The Collection

WORLD’S LARGEST PUBLIC COLLECTION OF CONTEMPORARY INUIT ART

The WAG holds in trust the largest public collection of Inuit art in the world – more than 13,000 pieces of contemporary and traditional art that represent important elements of Inuit identity and enrich the fabric of Canada’s culture.

The WAG first began collecting Inuit art in the 1950s when Northern art was largely unfamiliar to the rest of the world . Over the ensuing decades, the WAG continued to build the collection while cultivating relationships with Inuit artists and communities.

In 2016, the Government of Nunavut entrusted the WAG with the 7,300+ pieces in its fine art collection through a long-term loan. While at the WAG, these works are being documented, exhibited and shared. Nunavut and the WAG are working in partnership to create programs based on the collection that support arts and heritage workers and artists in the North.
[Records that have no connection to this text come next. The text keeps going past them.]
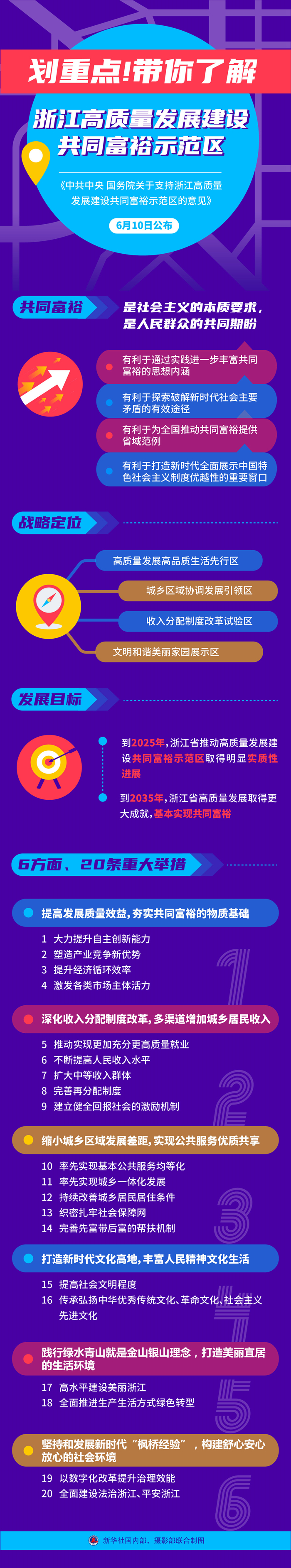 《中共中央 國(guó)務(wù)院關(guān)于支持浙江高質(zhì)量發(fā)展建設(shè)共同富裕示范區(qū)的意見》10日發(fā)布。共同富裕示范區(qū)有哪些亮點(diǎn)?提出了哪些重大任務(wù)?如何讓共同富??吹靡?/span>、摸得著、真實(shí)可感?打開這張圖,帶你了解浙江高質(zhì)量發(fā)展建設(shè)共同富裕示范區(qū)。(新華社記者謝?,?安蓓 制圖 陳為)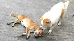 เพื่อนที่ซื่อสัตย์ ช่วงเวลาที่เจ็บปวดใจสุนัขของที่หัวใจสลาย หลังพยายามที่จะปลุกเพื่อนที่ถูกรถชนตายแล้ว (มีคลิป)
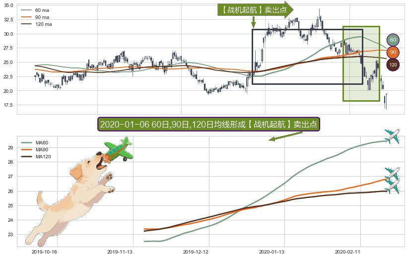 形态多维评估: ⚀ 2019-11-18日-2020-02-21日显现 60日-90日-120日均线 【战机起航】卖出点 看空信号,后市看跌,卖出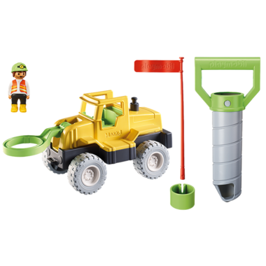 Figures: 1 Construction worker Accessories: 1 drilling vehicle with sand drill, 1 basket with flag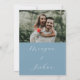 Anuncie seu dia especial em estilo com esta foto azul empoeirada salve o cartão de data. Apresentando um layout moderno, fundo pastel suave e uma fonte elegante de script, é a maneira perfeita de compartilhar seu entusiasmo com a família e os amigos. Personalize com sua foto de noivado, nomes e detalhes de casamento favoritos para criar uma marca de seleção pessoal que dê o tom para sua celebração. Ideal para primavera e casamentos de verão, este design emparelha maravilhosamente com papelaria de casamento azul empoeirada.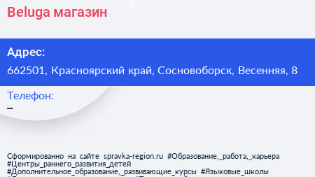 Beluga, магазин по адресу 662501, Красноярский край, Сосновоборск, Весенняя, 8 в дальнейшем Организация, размещена в следующих категориях: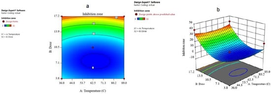 The combined result of the dose and temperature was examined and the results are given in the form of contours and 3D plots (Figure 7a,b). The contour plot against inhibition zone for temperature and dose showed that if the dose increases from 3.8 to 17.2, the inhibition zone increases up to 35 mm, which means that it is in accordance with the model.

An outstanding record of more than 160 exhibitions and 60 publications enriches the WAG’s amazing collection of Inuit carvings, drawings, prints, textiles and new media.

ON DISPLAY FOR THE FIRST TIME EVER

The creation of the WAG Inuit Art Centre will allow much of this extraordinary collection to be permanently displayed and shared with people of all ages and backgrounds.

The full collection will be accessible online, inviting Canadians and people around the world to experience the powerful beauty of Inuit art while learning about Inuit history and culture.

Most importantly, placing the collection online also means that the people of Inuit Nunangat (the vast homeland of Inuit of Canada) will be able to connect with the works, many for the first time.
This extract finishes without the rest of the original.